Story published April 2016

Ten years ago, Kevin Johnson was an active Halifax Police Constable, volunteer, and community member. At that time, he never thought he’d go on to spend seven years of his life hiding from the outside world.

While on duty in 2009, Cst. Johnson responded to a wildfire in the Herring Cove area. He helped rescue 8 people and several animals from homes impacted by the fire. During the fire he became trapped at the bottom of a dead end road and resolved that there was no escape. He was eventually able to escape, and went back in to the blaze several times with other officers due to reports of citizens still being trapped. As a result of this event, Kevin suffered permanent physical injuries and was diagnosed with severe PTSD. One avoidant symptom of PTSD is called “bunkering." After not being able to return to work and other activities, Kevin became withdrawn and avoided contact with people and places. 

Last year, Kevin was identified as a suitable candidate for a PTSD Service Dog through the Mental Health Foundation of Nova Scotia’s PTSD Service Dog Matching Program for First Responders in partnership with Paws Fur Thought. (Learn more about this initiative). In March 2016, Paws Fur Thought delivered Maggie to Kevin’s home, where the two met for the first time and began their partnership.

“I was worried, but there turned out to be no adjustment period,” Kevin says. “It was like Maggie had always been there. On that very first night at 3:30 in the morning, she woke me during a night terror. And that was a breathtaking experience to have her do that. It was emotional. Because since that first night, it’s allowed me to have better sleep – something I haven’t had since 2009.”

Kevin notes that one particularly difficult night, Maggie jumped on the bed and lay on top of him for three hours, allowing him to sleep peacefully. She’d been trained to provide this intervention behaviour: deep body pressure therapy.

Maggie bonding with animals on Kevin's farm

Maggie bonding with animals on Kevin's farm


Maggie is trained to perform many skills specific to Kevin’s needs, including watching his back in public. As a direct result of this, he’s been getting out of the house a lot more. Kevin has noticed a positive change in his ability to relax and socialize, and his family has seen it too. “They’re incredibly thankful for the difference she’s made in my life.”

“She makes me laugh and smile every day too. She’s a character. When she’s not in vest and basically being herself, she’s just like a puppy. She loves to play fetch and go for hikes.”

Maggie has fully adapted to her new life on the farm with Kevin.
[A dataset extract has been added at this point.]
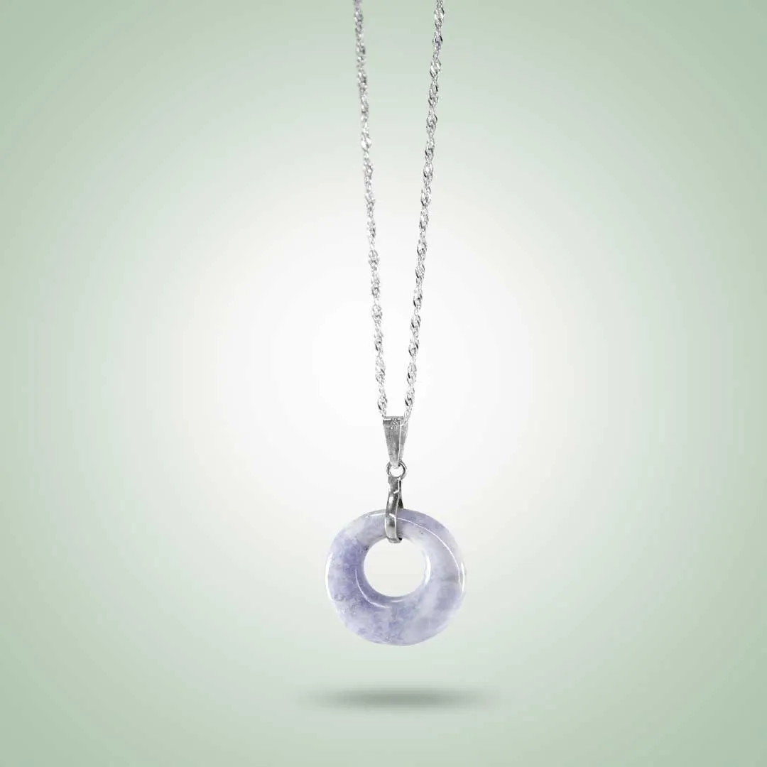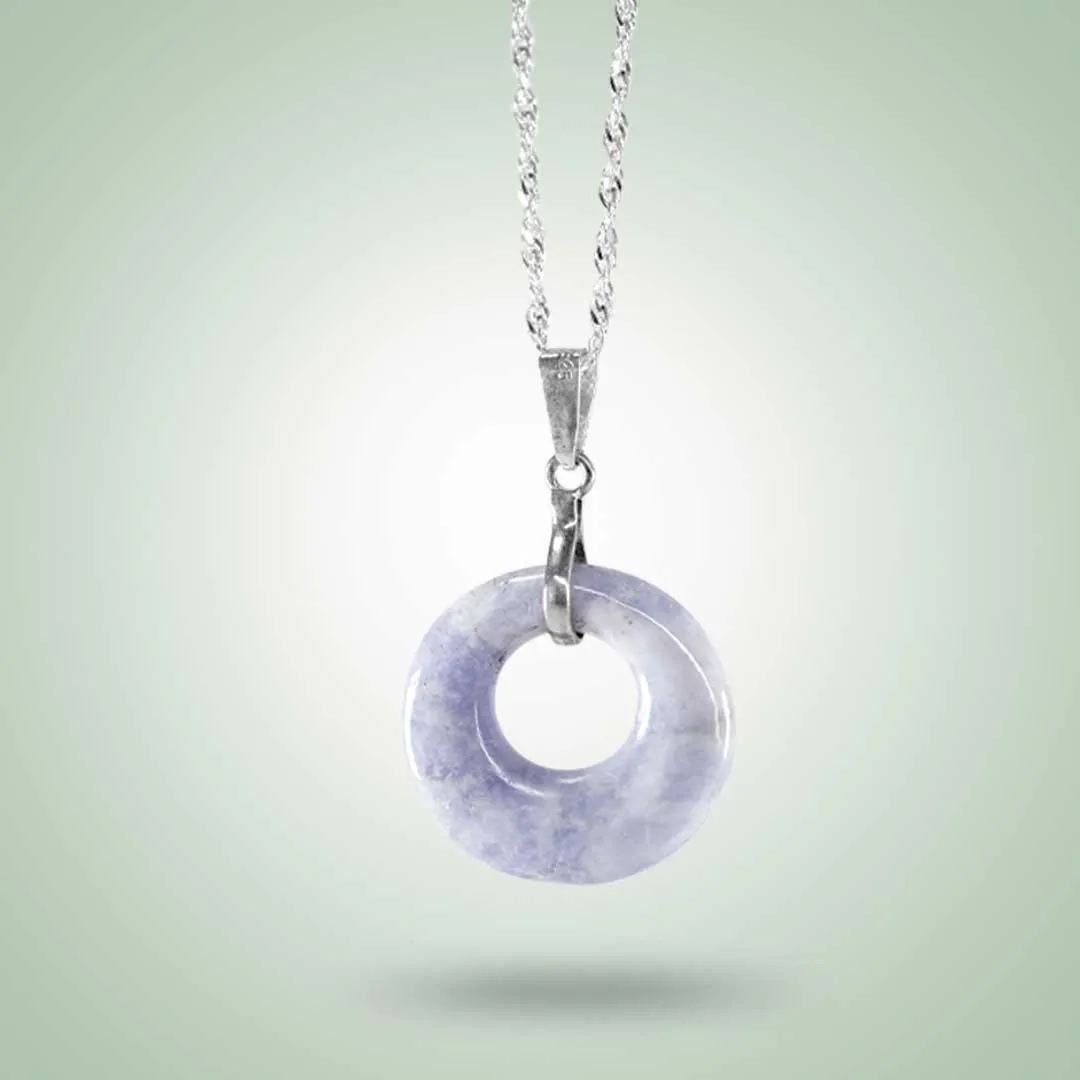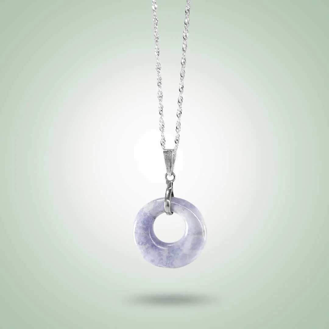 Rare and special Lavender Jade, carved into a simple and sleek circle, making it an elegant and sophisticated piece.

As a ‘bird dog,’ Labradors are naturally inclined to chase birds. “To see her walk through a group of chickens, geese, and ducks and act like they don’t even exist is pretty incredible to watch,” he says.

While Maggie is fully trained, Kevin is on remedial training as her handler. “I have a way to go,” he says. “She’s very patient with me.”
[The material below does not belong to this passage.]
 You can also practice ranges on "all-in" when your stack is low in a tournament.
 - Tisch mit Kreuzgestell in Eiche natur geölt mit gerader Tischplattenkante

“If I had one thought to share with others, I’d say: PTSD is real. It’s somewhere I never thought I’d be. Something I’d never experience. Anybody out there who is a first responder, and even in the slightest is having an issue...I hope they speak up and they don’t hide. I hope these people will get help, talk to somebody, and realize they are not alone. Because losing one first responder or one military veteran is way too many. And there have been way too many lost. And the difference Maggie has already made in my life- I can see the light.”